Harnessing behavioral insights for Bamako.ai: An experiment in messaging

Written by:
Yanick Kemayou

For Bamako.ai, our flagship event, we needed to launch a massive messaging campaign to motivate our community to attend. As an evidence-guided organization, we did what we do best: we designed a quick and dirty experiment to evaluate different message variants.

Experimental design

We utilized two data sources: the WhatsApp API for read information and Amplitude for website visit and registration data. We divided our audience into two groups:

  • G1: Participants from last year’s Bamako.ai who do not have a Kabakoo app account
  • G2: Non-participants from last year who have a Kabakoo app account

Our hypothesis concerning the two groups was that having an account in the app would lead to a higher conversion rate compared to having participated in last year’s event. We were expected this since having an active account in the app should be associated to a stronger bond with the Kabakoo community.

We crafted four distinct messages, each leveraging different psychological biases. Our choice of biases was informed by the work at the Busara Center and our previous experiences:

  1. M1: Urgency — Emphasized the approaching date with the phrase “Les places partent vite, inscris-toi sans tarder!” (Spots are filling up fast, register without delay!)
  2. M2: Tangibility and Identity — Highlighted projects from last year’s Bamako.ai, plus suggesting that recipients could create similar projects.
  3. M3: Positive Storytelling — Featured Mamadou, a participant from last year who successfully launched his project thanks to Bamako.ai.
  4. M4: Urgency with Anchoring — Another take on urgency, but included a specific amount that could potentially be won.

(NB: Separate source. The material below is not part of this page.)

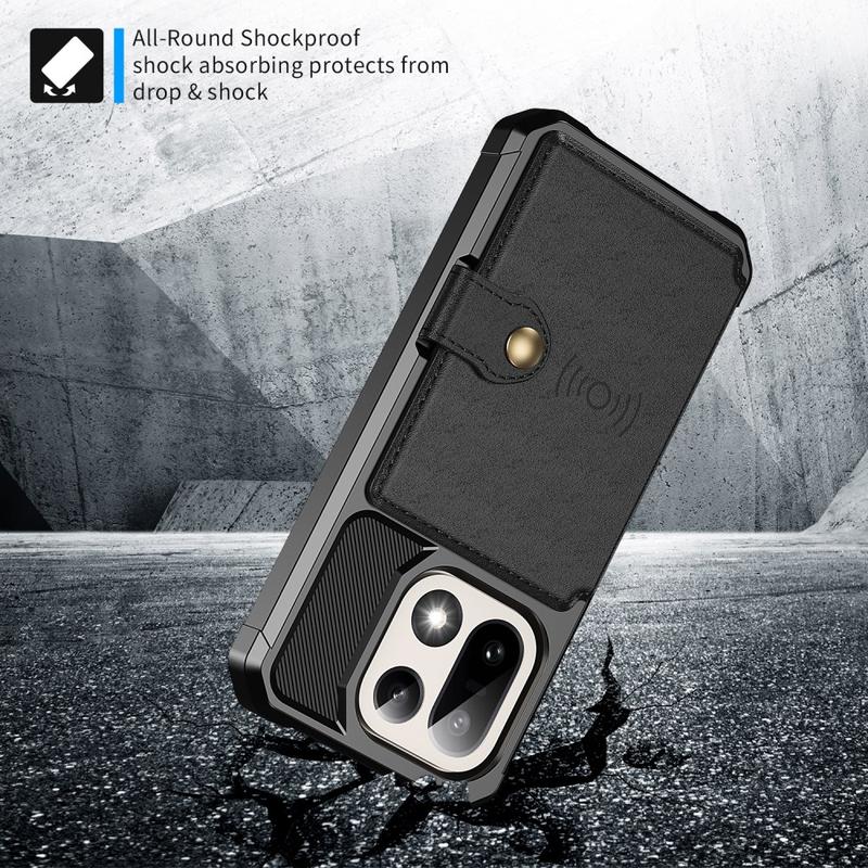 - Die Brieftaschenhülle für das OnePlus 15 verfügt über einen sicheren Druckknopfverschluss, ein Brieftaschendesign und mehrere Kartenfächer mit einer Geldtasche

Each message was accompanied by the event flyer as an attached image.

Flyer of Bamako.ai, Season #2.

We sent 8,000 WhatsApp messages in the first stage, with each message variant sent to 2,000 recipients (1,000 from G1 and 1,000 from G2). Every message included a “S’inscrire!” (Register) button at the bottom, which directed recipients to the Bamako.ai landing page upon clicking.

Our primary metric was the conversion rate, defined as the proportion of people who read the message and subsequently registered to the event on the Bamako.ai webpage.

Results

The chart below illustrates how first-level conversion rates varied across groups and messages. Group 2 consistently showed higher conversion rates compared to Group 1, supporting our hypothesis that being a registered app member increases engagement more than past event participation.

Visit/Read conversion rates.

Among the message variants, M2 (tangibility and identity) consistently outperformed others in both groups.

Overall Visit/Read conversion rates.

Combining both groups, M2 (anchoring & identity) emerged as the clear winner with a 16.27% first-level conversion rate, followed by M4 (urgency and anchoring) at 14.71%.

We also analyzed registration data, which confirmed M2’s superior performance. The following funnel provides a detailed breakdown of each message’s performance:

As displayed by the funnel above, M2 shows a registered/read conversion rate of 8.9% while M3 and M4 are around 6.5% and M1 even at 5.3%.

Next steps

Armed with these insights, we used the winning variant, M2, for the remaining messages in our campaign. As a reminder, M2 focused on tangibility and identity, highlighting projects from last year’s Bamako.ai and encouraging recipients to envision themselves creating similar projects.

We acknowledge that using two different biases in the same message (tangibility and identity) can confound results and complicate interpretation. Despite this limitation, we were eager to experiment and compare outcomes with last year’s smaller-scale experiment.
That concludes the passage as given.